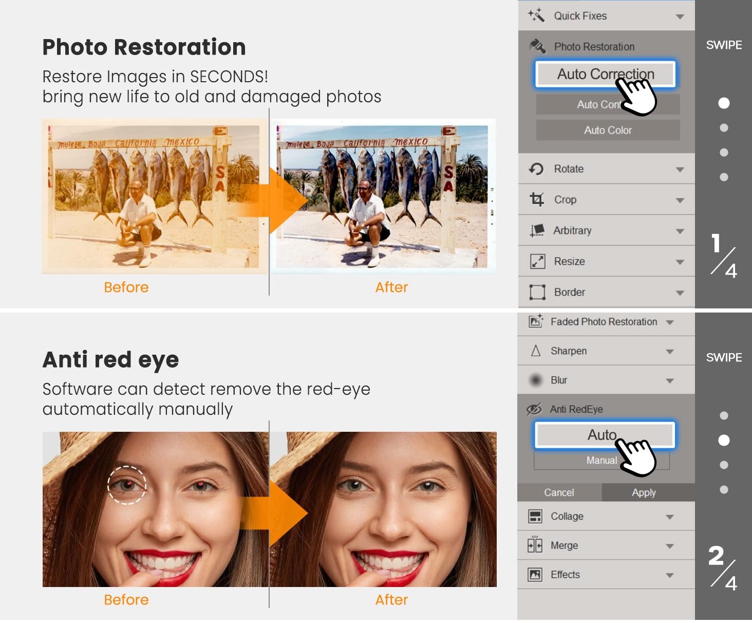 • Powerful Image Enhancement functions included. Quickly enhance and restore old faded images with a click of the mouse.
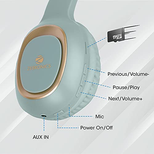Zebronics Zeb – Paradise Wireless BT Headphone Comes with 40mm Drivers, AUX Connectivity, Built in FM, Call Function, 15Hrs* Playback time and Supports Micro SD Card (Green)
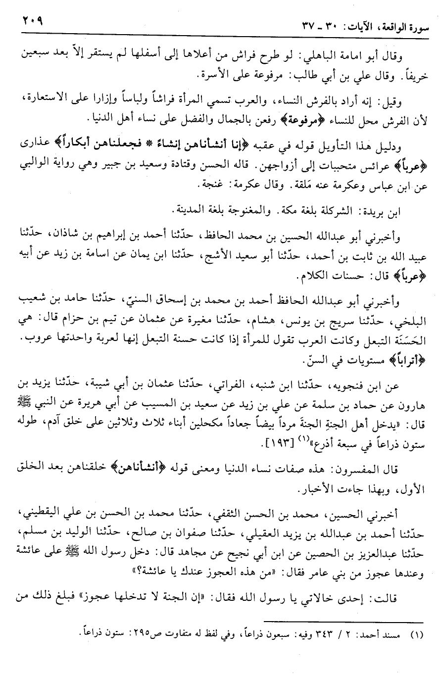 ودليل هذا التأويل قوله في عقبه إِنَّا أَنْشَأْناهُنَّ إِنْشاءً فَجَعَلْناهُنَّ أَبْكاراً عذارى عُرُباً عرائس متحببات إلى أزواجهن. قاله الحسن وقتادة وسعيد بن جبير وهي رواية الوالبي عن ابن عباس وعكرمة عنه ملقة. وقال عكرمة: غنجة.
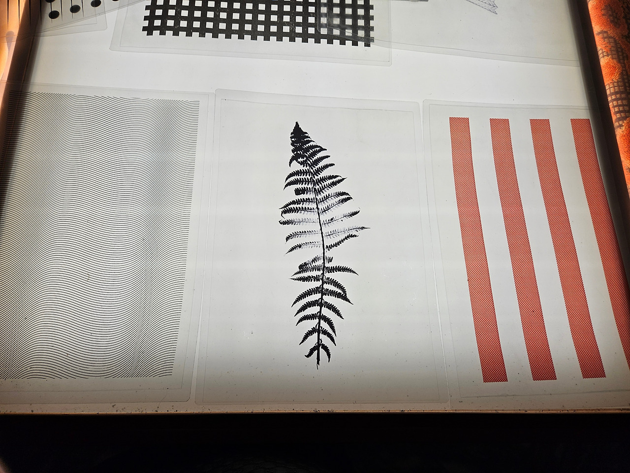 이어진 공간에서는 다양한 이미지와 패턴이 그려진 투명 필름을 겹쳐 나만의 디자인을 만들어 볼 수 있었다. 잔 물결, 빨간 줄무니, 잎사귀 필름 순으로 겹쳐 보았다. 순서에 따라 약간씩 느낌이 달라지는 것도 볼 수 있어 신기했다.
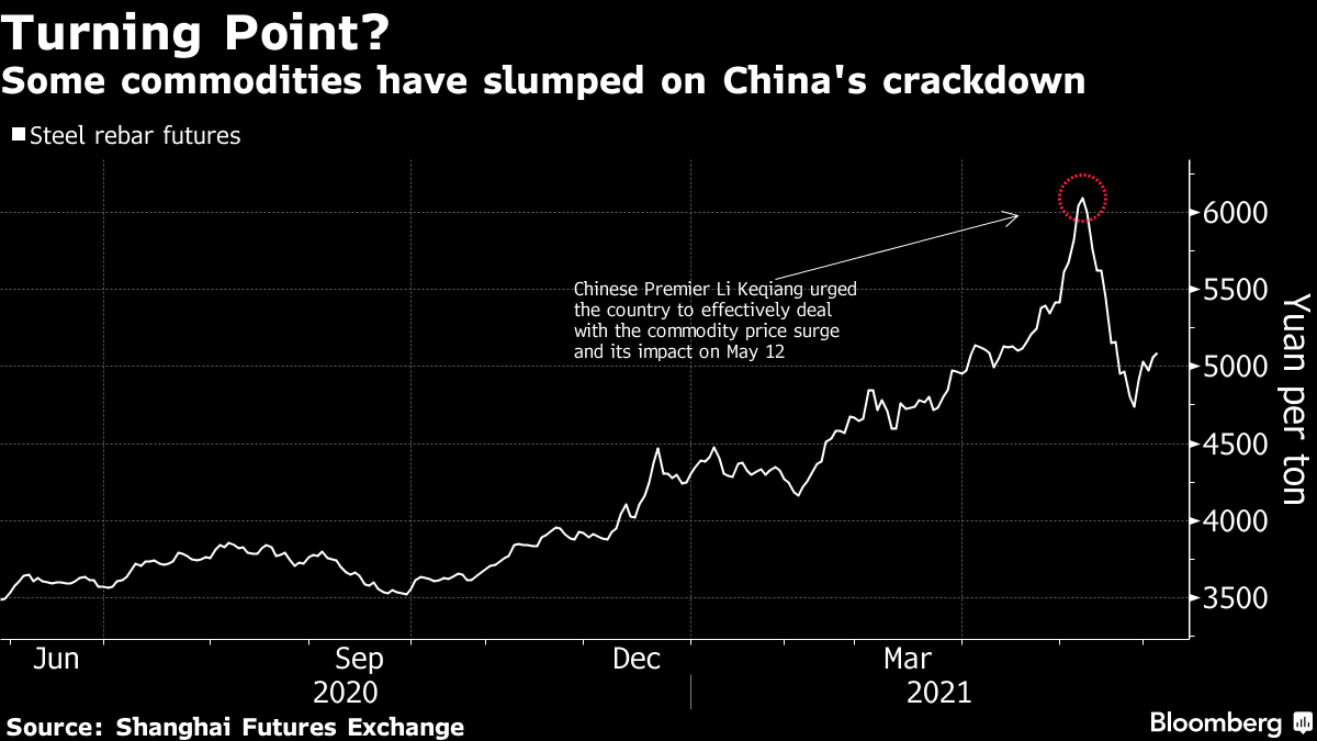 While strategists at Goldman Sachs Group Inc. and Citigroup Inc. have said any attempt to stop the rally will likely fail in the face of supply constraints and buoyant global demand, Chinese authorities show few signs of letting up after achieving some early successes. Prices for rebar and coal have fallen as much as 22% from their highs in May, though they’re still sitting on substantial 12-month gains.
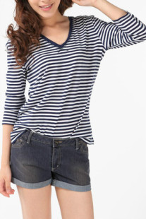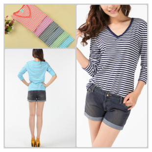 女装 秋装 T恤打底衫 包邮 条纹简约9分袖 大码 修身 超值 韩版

^^^^^^^^^^^^^^^^

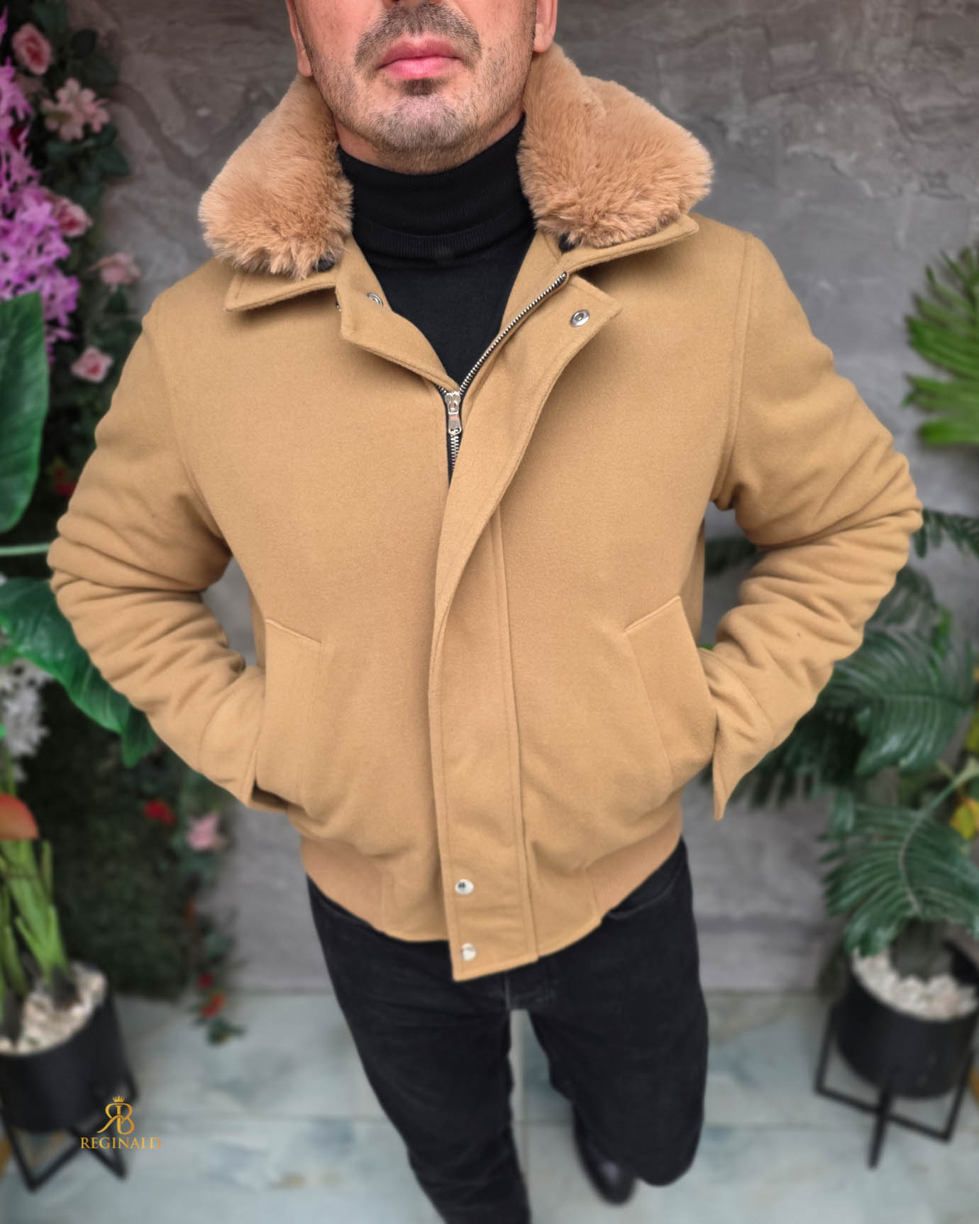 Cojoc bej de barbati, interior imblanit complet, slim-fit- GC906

^^^^^^^^^^^^^^^^

Problem description: From the data above, return exactly the lines from the one with "ودليل هذا التأويل" up to and including the one with "이어진 공간에서는 다양한". Pictures do not go in the copy.

Task solution:
 ودليل هذا التأويل قوله في عقبه إِنَّا أَنْشَأْناهُنَّ إِنْشاءً فَجَعَلْناهُنَّ أَبْكاراً عذارى عُرُباً عرائس متحببات إلى أزواجهن. قاله الحسن وقتادة وسعيد بن جبير وهي رواية الوالبي عن ابن عباس وعكرمة عنه ملقة. وقال عكرمة: غنجة.
 이어진 공간에서는 다양한 이미지와 패턴이 그려진 투명 필름을 겹쳐 나만의 디자인을 만들어 볼 수 있었다. 잔 물결, 빨간 줄무니, 잎사귀 필름 순으로 겹쳐 보았다. 순서에 따라 약간씩 느낌이 달라지는 것도 볼 수 있어 신기했다.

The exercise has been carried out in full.